───── Record excerpts

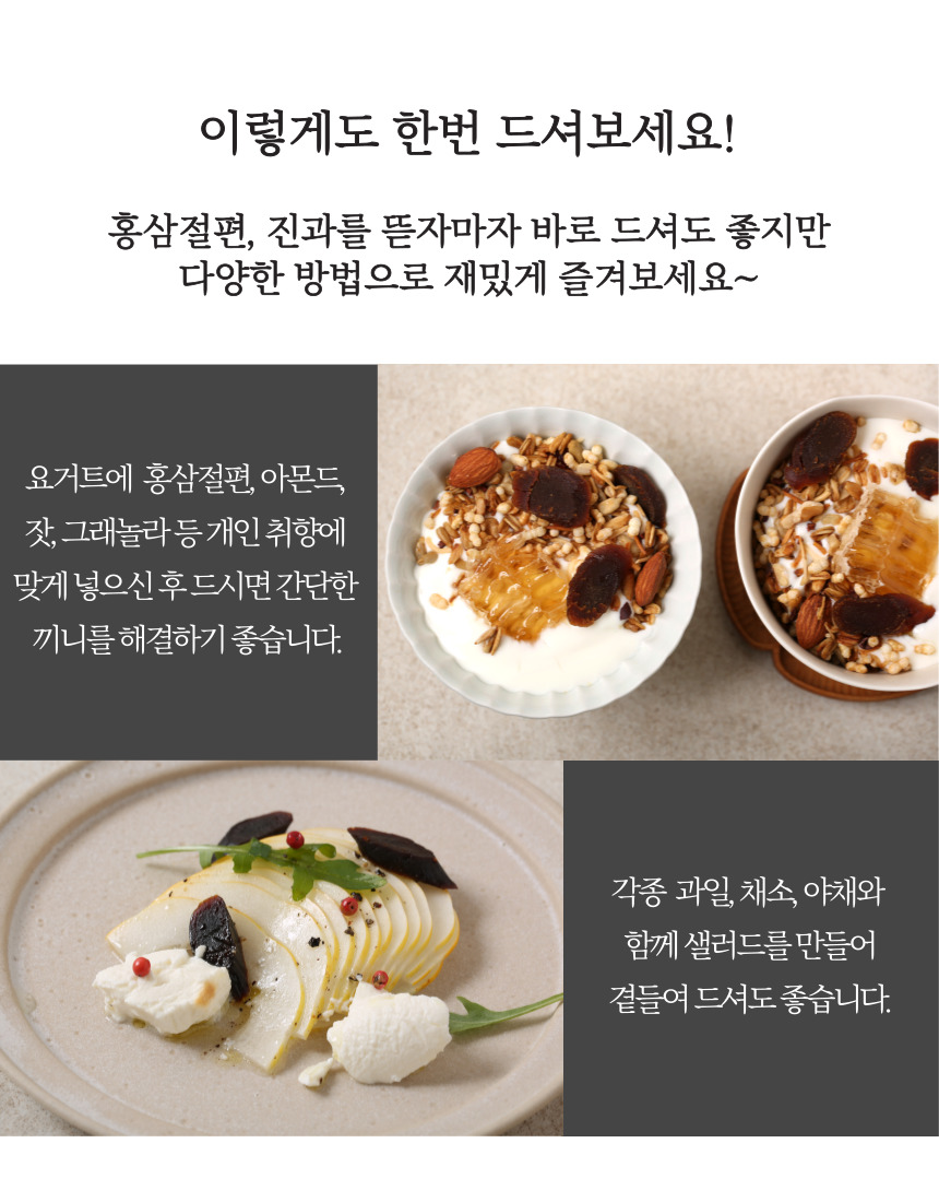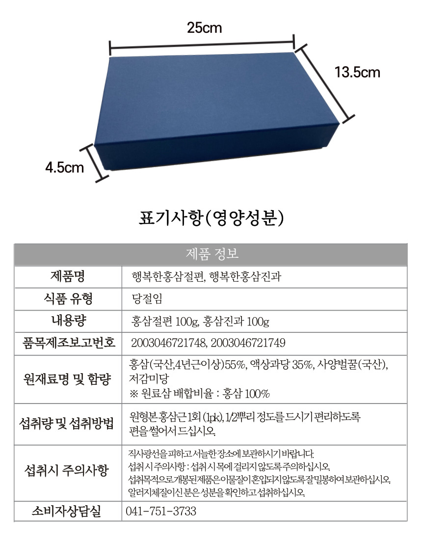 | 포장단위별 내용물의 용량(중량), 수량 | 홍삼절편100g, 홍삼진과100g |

──────────
───── Record excerpts

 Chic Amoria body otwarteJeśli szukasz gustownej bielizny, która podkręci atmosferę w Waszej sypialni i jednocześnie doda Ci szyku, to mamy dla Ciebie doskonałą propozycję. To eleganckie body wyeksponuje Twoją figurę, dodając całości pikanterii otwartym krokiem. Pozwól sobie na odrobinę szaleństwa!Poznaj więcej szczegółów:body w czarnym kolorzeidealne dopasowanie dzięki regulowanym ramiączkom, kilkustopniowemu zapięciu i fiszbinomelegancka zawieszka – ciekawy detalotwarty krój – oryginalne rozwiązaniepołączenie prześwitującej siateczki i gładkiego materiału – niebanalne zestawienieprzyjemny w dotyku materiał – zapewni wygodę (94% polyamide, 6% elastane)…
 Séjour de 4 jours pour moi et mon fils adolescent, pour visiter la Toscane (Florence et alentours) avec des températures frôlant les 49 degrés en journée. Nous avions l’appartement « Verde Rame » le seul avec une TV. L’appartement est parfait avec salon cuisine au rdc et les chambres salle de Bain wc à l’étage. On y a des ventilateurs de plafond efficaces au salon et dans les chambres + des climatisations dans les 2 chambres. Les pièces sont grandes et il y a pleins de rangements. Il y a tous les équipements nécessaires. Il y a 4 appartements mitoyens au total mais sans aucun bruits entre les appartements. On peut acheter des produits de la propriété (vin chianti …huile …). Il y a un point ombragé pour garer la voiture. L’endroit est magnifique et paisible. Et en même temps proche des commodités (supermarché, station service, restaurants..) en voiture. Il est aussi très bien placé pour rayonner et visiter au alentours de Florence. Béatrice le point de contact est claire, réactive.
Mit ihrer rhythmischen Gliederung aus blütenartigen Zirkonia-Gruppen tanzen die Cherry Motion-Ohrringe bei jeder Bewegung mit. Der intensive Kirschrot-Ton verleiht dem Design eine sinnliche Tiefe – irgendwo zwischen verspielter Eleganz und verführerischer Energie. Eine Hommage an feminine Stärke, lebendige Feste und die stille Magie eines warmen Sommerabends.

──────────
───── Record excerpts

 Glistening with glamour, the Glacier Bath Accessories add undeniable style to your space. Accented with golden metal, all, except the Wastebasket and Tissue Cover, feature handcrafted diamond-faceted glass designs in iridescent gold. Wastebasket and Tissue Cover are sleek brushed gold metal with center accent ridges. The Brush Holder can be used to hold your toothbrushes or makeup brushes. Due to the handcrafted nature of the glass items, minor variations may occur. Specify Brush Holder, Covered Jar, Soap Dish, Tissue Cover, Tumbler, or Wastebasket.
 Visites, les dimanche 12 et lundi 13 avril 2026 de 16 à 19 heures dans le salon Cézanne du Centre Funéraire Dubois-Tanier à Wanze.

──────────

▶ **Task objective**: Look above for the line holding "Glistening with glamour, the" and the line holding "Visites, les dimanche". Retype both, and every line between them, word for word and nothing else.

▶ **Solved problem**:
 Glistening with glamour, the Glacier Bath Accessories add undeniable style to your space. Accented with golden metal, all, except the Wastebasket and Tissue Cover, feature handcrafted diamond-faceted glass designs in iridescent gold. Wastebasket and Tissue Cover are sleek brushed gold metal with center accent ridges. The Brush Holder can be used to hold your toothbrushes or makeup brushes. Due to the handcrafted nature of the glass items, minor variations may occur. Specify Brush Holder, Covered Jar, Soap Dish, Tissue Cover, Tumbler, or Wastebasket.
 Visites, les dimanche 12 et lundi 13 avril 2026 de 16 à 19 heures dans le salon Cézanne du Centre Funéraire Dubois-Tanier à Wanze.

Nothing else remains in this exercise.